Day :
- Pharmaceutical Sciences
Location: London,UK
Chair
Jun Guo
Shanghai Institute for Biomedical and Pharmaceutical Technologies, China
Session Introduction
Jun Guo
Shanghai Institute for Biomedical and Pharmaceutical Technologies, China
Title: Exploring the relevance and considerations of implementing alternative approaches to the assessment of reproductive and developmental toxicity of pharmaceuticals under ICH S5(R3)
Time : 10:40-11:00
Biography:
Jun Guo, MD, PhD is Director and FM of the National Evaluation Centre for Toxicology of Fertility Regulating Drug at the Shanghai Institute for Biomedical and Pharmaceutical Technologies. Her extensive expertise focuses on pharmacological and toxicological research as well as non-clinical safety evaluation of drugs. Present she is working as a Council Member of the Chinese Society of Toxicology (CSOT). She is also the Executive Member and Secretary General of the Special Committee on Reproductive Toxicology within the CSOT. With over a decade of leadership experience, she has led and contributed to numerous national, provincial and ministerial research initiatives. Her contributions extend to more than 30 published papers and 5 books, either as sole editor or co-editor, reinforcing his prominent position in the field.
Abstract:
The 3Rs principle (Replace, Reduce and Refine) and the ICH S5 (R3) guideline have globally advanced alternative methods for reproductive and developmental toxicity assessment. These developments bring about stringent requirements and challenges. Reproductive and developmental toxicity assessment is complex, and current alternatives don't fully replicate in vivo drug actions, impacting sexual maturation, fertilization, gametogenesis, syncytial development, postnatal maturation and sexual functionality.
ICH S5 (R3) promotes reducing animal use without compromising risk assessment quality, emphasizing justification for including alternative tests in the strategy, adherence to Good Laboratory Practice (GLP), and evaluation of drug metabolite effects following ICH M3 guidelines. The guideline doesn't prescribe specific methods but demands rigorous method validation and lists 29 reference compounds causing maternal embryofetal lethality (MEFL) in non-clinical or human studies with minimal maternal toxicity. Test endpoints should align with objectives and predictive capabilities.
Zuyue Sun
Shanghai Institute for Biomedical and Pharmaceutical Technologies, China
Title: Advances in prostate pharmacology and toxicology and cutting-edge developments in drug research
Biography:
Zuyue Sun, MD, PhD, a distinguished research fellow and PhD supervisor at Fudan University, serves as Chief Scientist of the Shanghai Research Institute of Biomedical Technology (SRIBT). He has been awarded the title of a national excellent scientific and technological worker for his remarkable contributions to science, and he also enjoys the privilege of receiving the State Council's Special Allowance. In addition, He serves as the Honorary Chairman of the Reproductive Toxicology Committee within the Chinese Society of Toxicology. He is further acknowledged for his leadership as the Editor-in-Chief of esteemed monographs, Prostate Pharmacology and Prostate Toxicology. His extensive qualifications and influential positions highlight his important contributions to the field of toxicology.
Abstract:
Prostate pharmacology is a specialized area that explores the complex interrelationship between pharmaceuticals and the prostate gland. This discipline includes drug mechanisms, pharmacokinetics, and urofluid dynamics. These components collectively illuminate drug interactions, principles, drug behavior within the body (absorption, distribution, biotransformation, excretion), and how drug effects evolve over time. Furthermore, they encompass processes such as urine flow, urinary flow rate, and bladder pressure.

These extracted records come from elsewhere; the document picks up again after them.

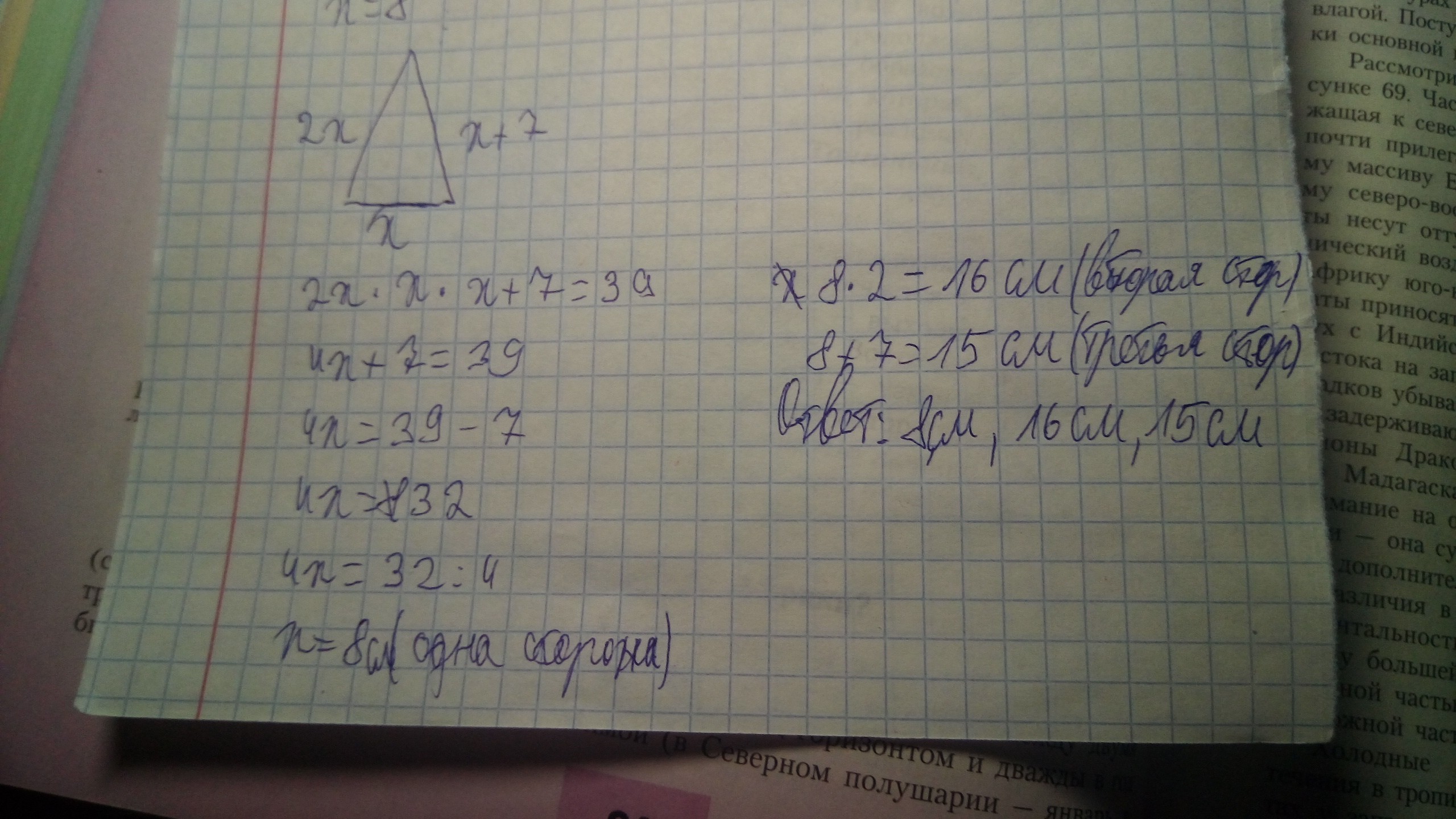Тогда вторая сторона равна 2*8 = 16 см, а третья 8 + 7 = 15 см.
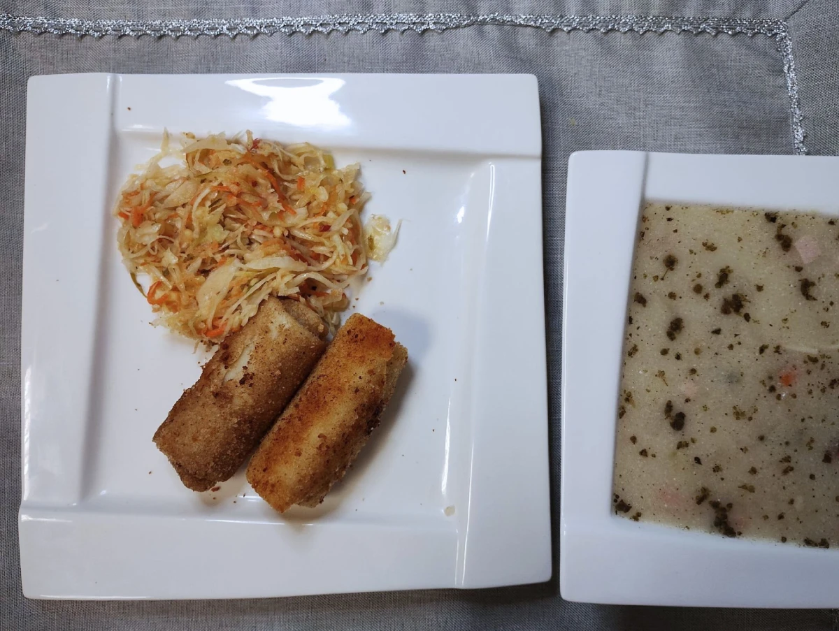 smażone krokiety z mięsem wieprzowym | gotowany biały makaron z mięsem drobiowym i warzywami | gotowany brązowy makaron z mięsem drobiowym i warzywami | gotowany biały makaron z mięsem drobiowym i warzywami | |||||||||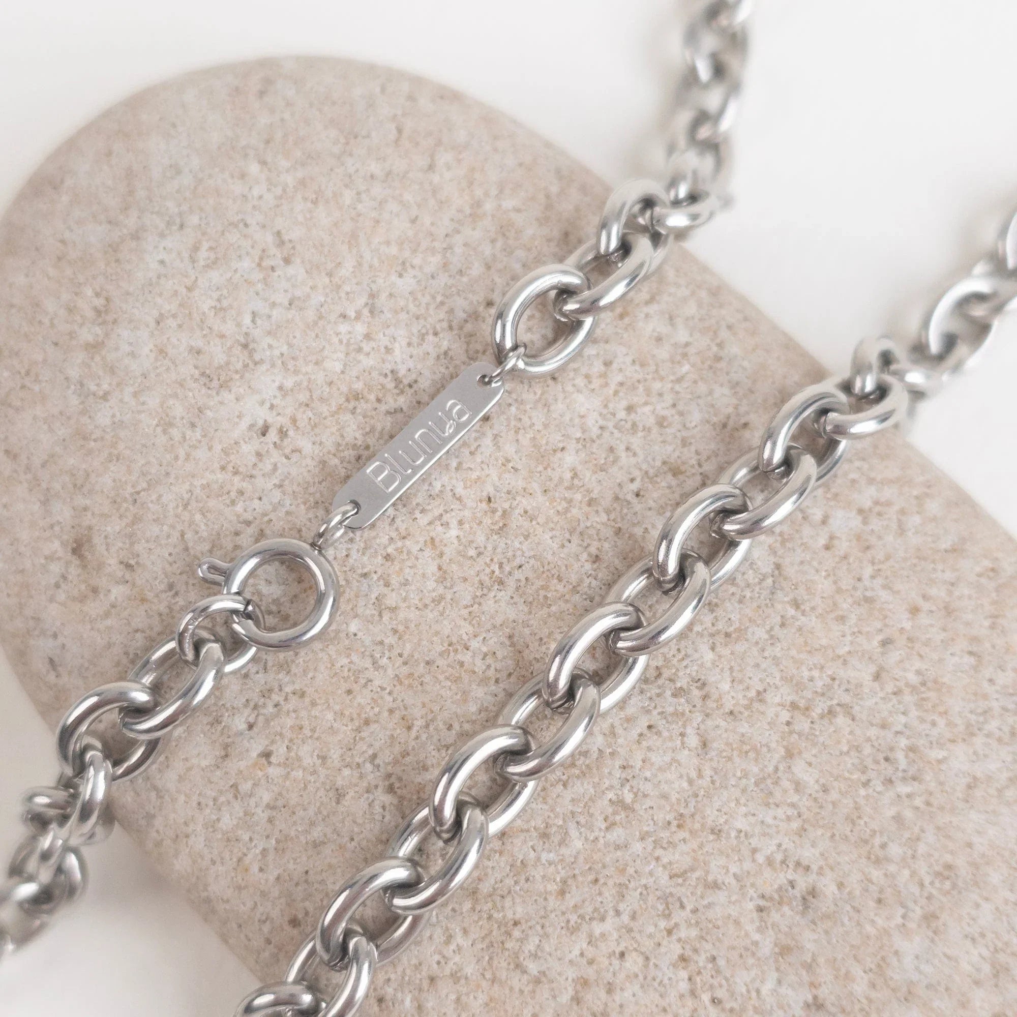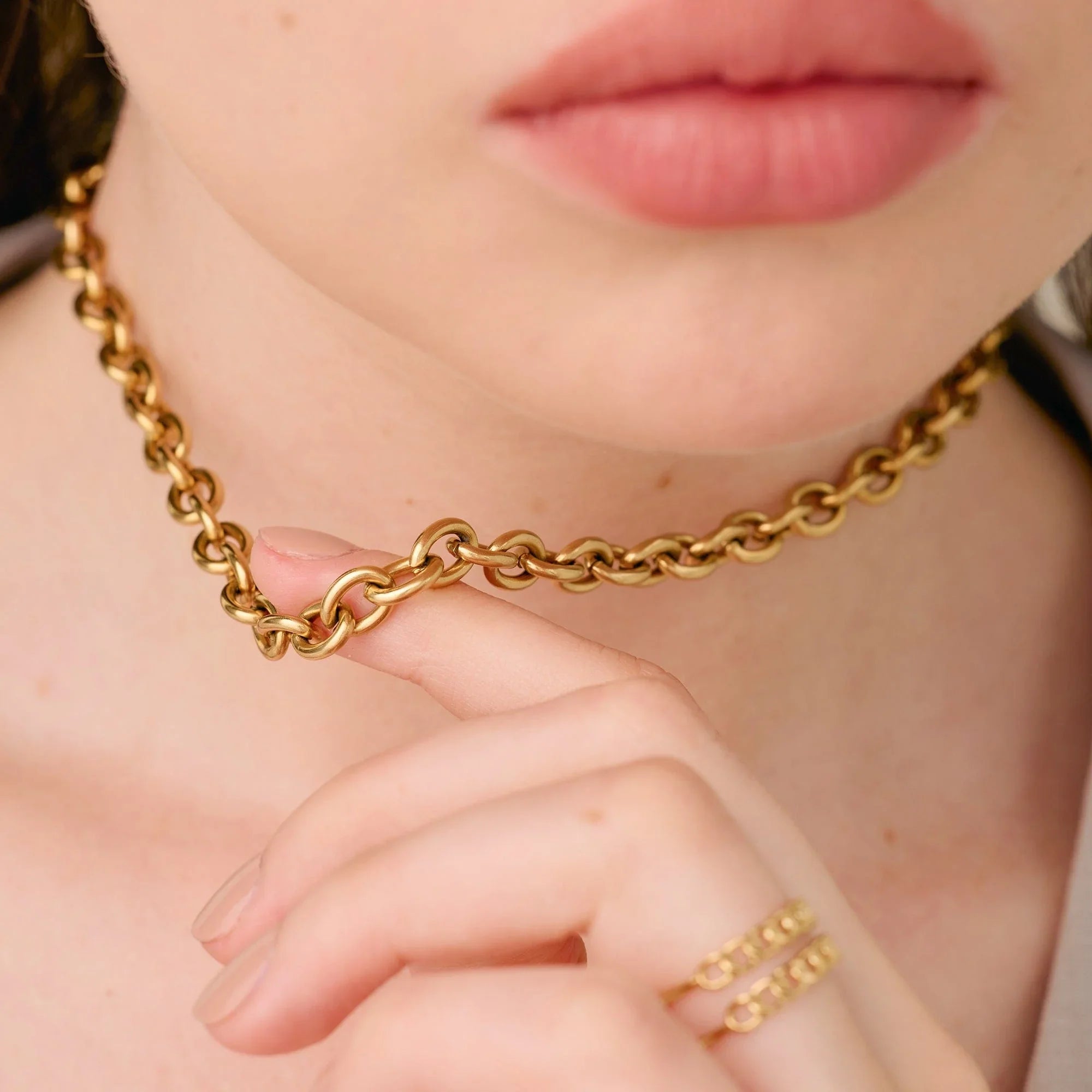 El Collar Bel destaca por su diseño robusto de eslabones entrelazados, creando una textura marcada y envolvente que abraza el cuello con carácter. Su estética industrial y elegante transmite seguridad, estilo y presencia.  No solo adorna: afirma y transforma tu look en una declaración visual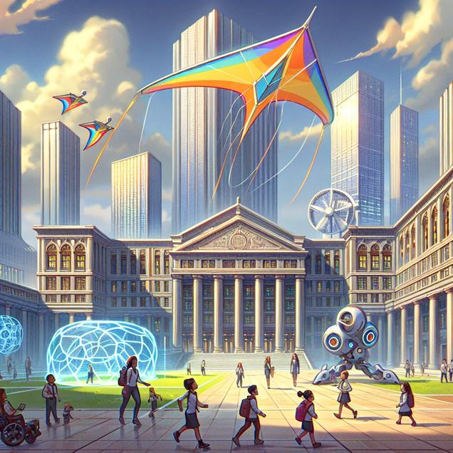 Prompt: Generate an image of a vast, futuristic school courtyard with towering structures stretching into the sky. In the center, children play tag amidst holographic obstacles and robotic companions. A colorful, sleek kite with the name "Athena" gracefully dances in the air, while a futuristic wind turbine hums softly, harnessing the wind to power the advanced cityscape of a bustling town in Honduras. The depiction should include only scenes, people, and objects, it should not include text or speech bubbles.
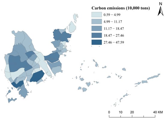 The carbon emissions of each cluster in Zhuhai are obtained by adding the values obtained by the direct and indirect measurement methods, as shown in Figure 5. Zhuhai’s carbon emissions totaled 6.16 million tons. According to China’s county-level carbon dioxide emission inventory [], Zhuhai’s carbon dioxide emission in 2017 was about 16.13 million tons. Since one ton of carbon completely burned in oxygen produces about 3.67 tons of carbon dioxide, the resulting carbon emission from the inventory is about 4.4 million tons. Considering that the carbon emission in 2020 is calculated in this paper, the result is not much different from that calculated in this paper, which is considered to be basically reasonable.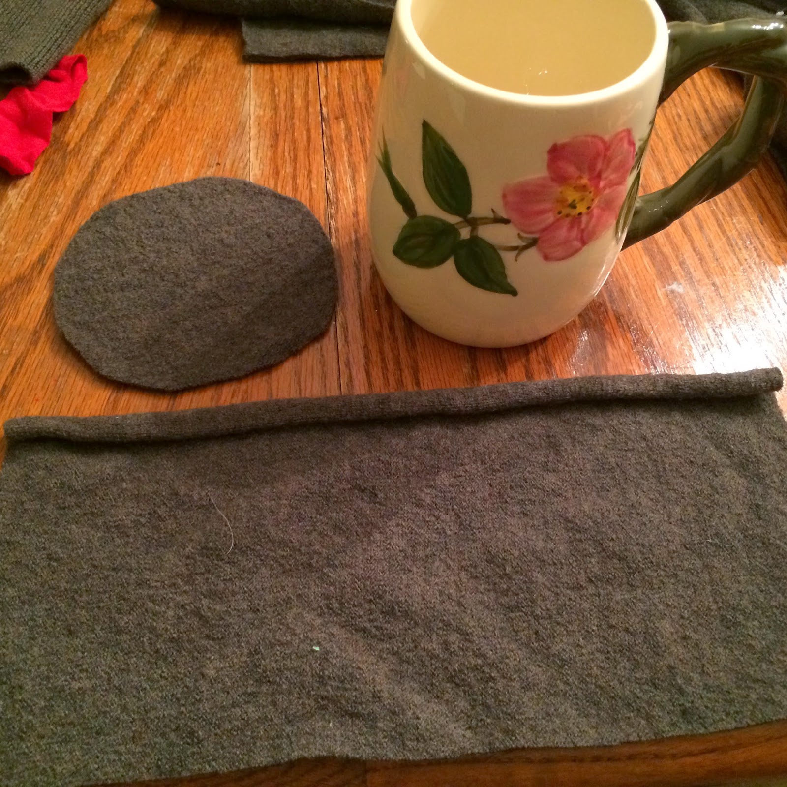 Now, attach the straight bottom of your mug sweater to the circle by sewing it to the circle. Start in the center of the circle and sew to the right attaching the right half of the sweater bottom. Next, sew to the left completing the circle.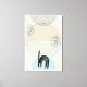 Abstract circles, pin stripes and arches with moody black cat. Colours of cream, dusty blue, terracotta and black.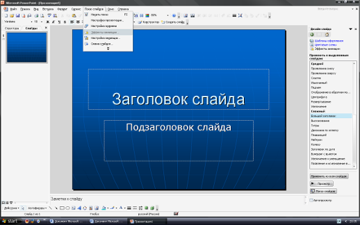 Для создания анимации необходимо применить последующие команды «Формат» - «Дизайн слайда» - «Эффекты анимации».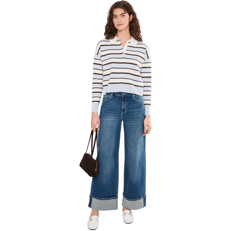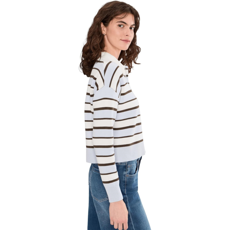 - The 525 america Seraphina Cropped Rugby Pullover blends classic rugby inspiration with modern style for a look that feels both timeless and fresh. Designed with a structured collared neck and a stylish quarter button placket, this pullover adds a polished touch to your everyday wardrobe while keeping the vibe relaxed and easygoing. The cropped silhouette gives it a contemporary edge that pairs perfectly with high-waisted jeans, skirts, or tailored trousers. Long sleeves provide comfortable coverage, making it a great layering piece for breezy days or transitional weather. The convenient pull-on design ensures effortless wear, so you can slip it on and head out in style without missing a beat.

Conversely, prostate toxicology investigates the effect of external factors, consisting of chemicals, physical elements and biological agents, on the prostate gland. This scientific field examines the severity and frequency of damage, as well as the generation of toxic reactions and the mechanisms that cause toxicity. In addition, it entails both qualitative and quantitative evaluations of the prostate's response to toxic agents.
Testosterone is enzymatically converted into dihydrotestosterone by the action of 5α-reductase. Dihydrotestosterone, exerts a direct stimulatory effect on the proliferation of prostate epithelial cells. This proliferative response results in the enlargement of the prostate gland, which subsequently leads to symptoms such as increased urinary frequency, urgency and retention.